▸ **Problem to work on**
Set down the lines below, exactly, starting at the one that contains "Python PCEP –" and stopping at the last line, inclusive. Omit pictures.

*** The data

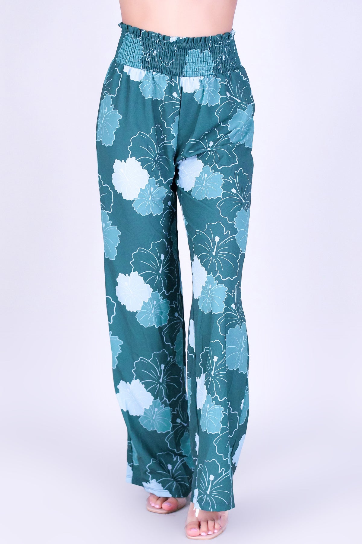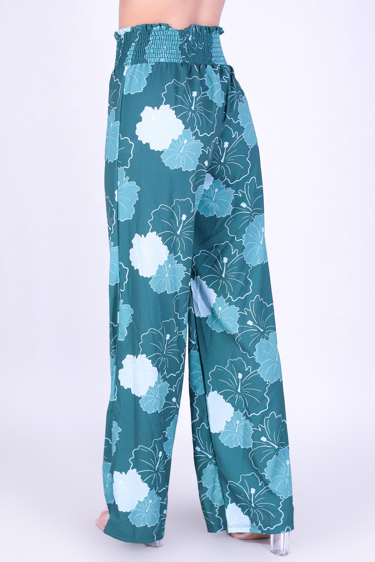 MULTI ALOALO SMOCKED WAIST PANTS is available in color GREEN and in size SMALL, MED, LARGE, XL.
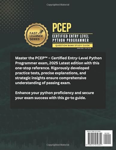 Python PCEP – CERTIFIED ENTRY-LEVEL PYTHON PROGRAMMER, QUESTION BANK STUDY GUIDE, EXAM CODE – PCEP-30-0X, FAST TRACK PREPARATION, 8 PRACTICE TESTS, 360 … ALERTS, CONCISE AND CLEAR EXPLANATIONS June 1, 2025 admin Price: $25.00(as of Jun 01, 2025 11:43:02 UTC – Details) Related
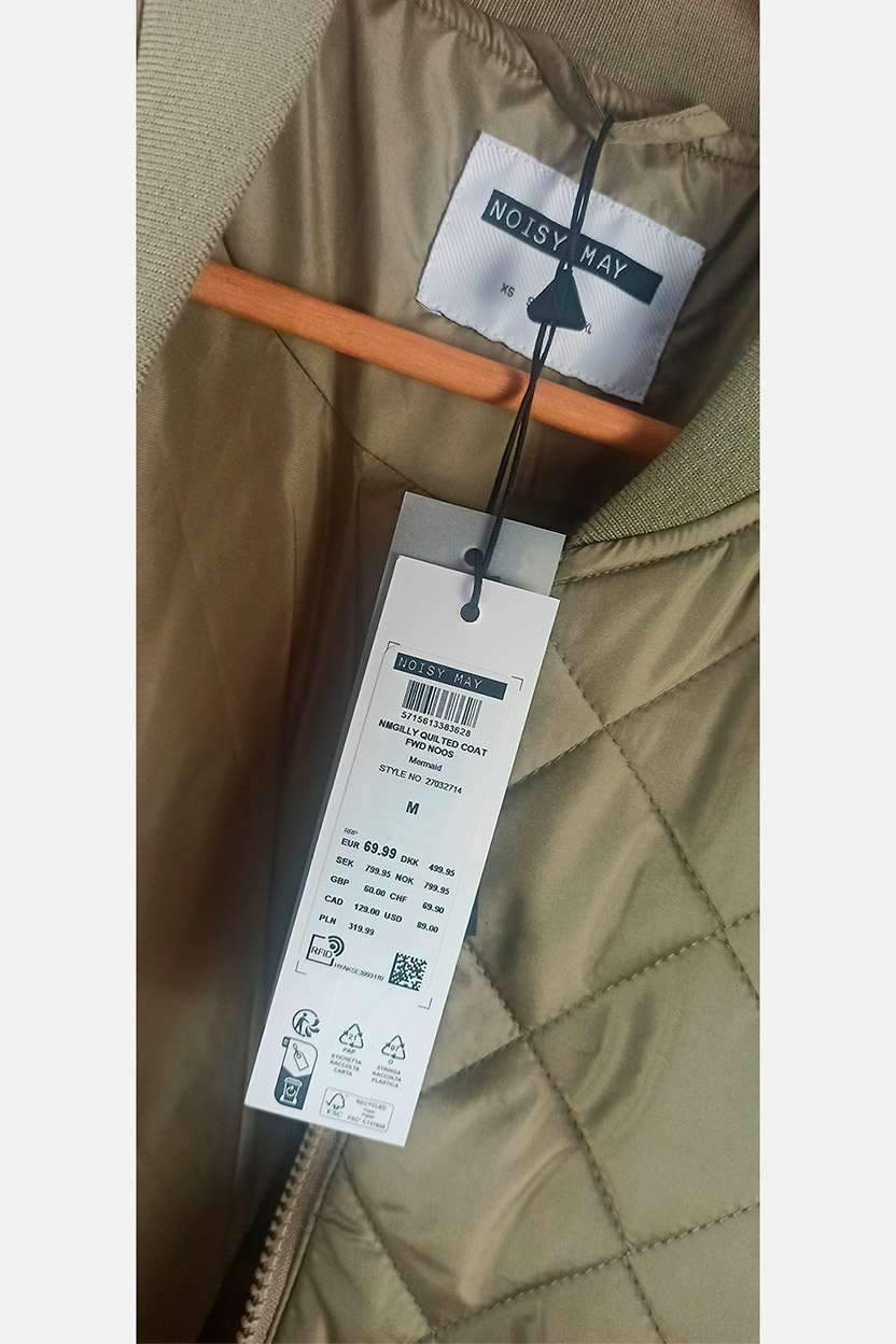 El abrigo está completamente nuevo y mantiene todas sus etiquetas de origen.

******

▸ **Answer box**
 Python PCEP – CERTIFIED ENTRY-LEVEL PYTHON PROGRAMMER, QUESTION BANK STUDY GUIDE, EXAM CODE – PCEP-30-0X, FAST TRACK PREPARATION, 8 PRACTICE TESTS, 360 … ALERTS, CONCISE AND CLEAR EXPLANATIONS June 1, 2025 admin Price: $25.00(as of Jun 01, 2025 11:43:02 UTC – Details) Related
 El abrigo está completamente nuevo y mantiene todas sus etiquetas de origen.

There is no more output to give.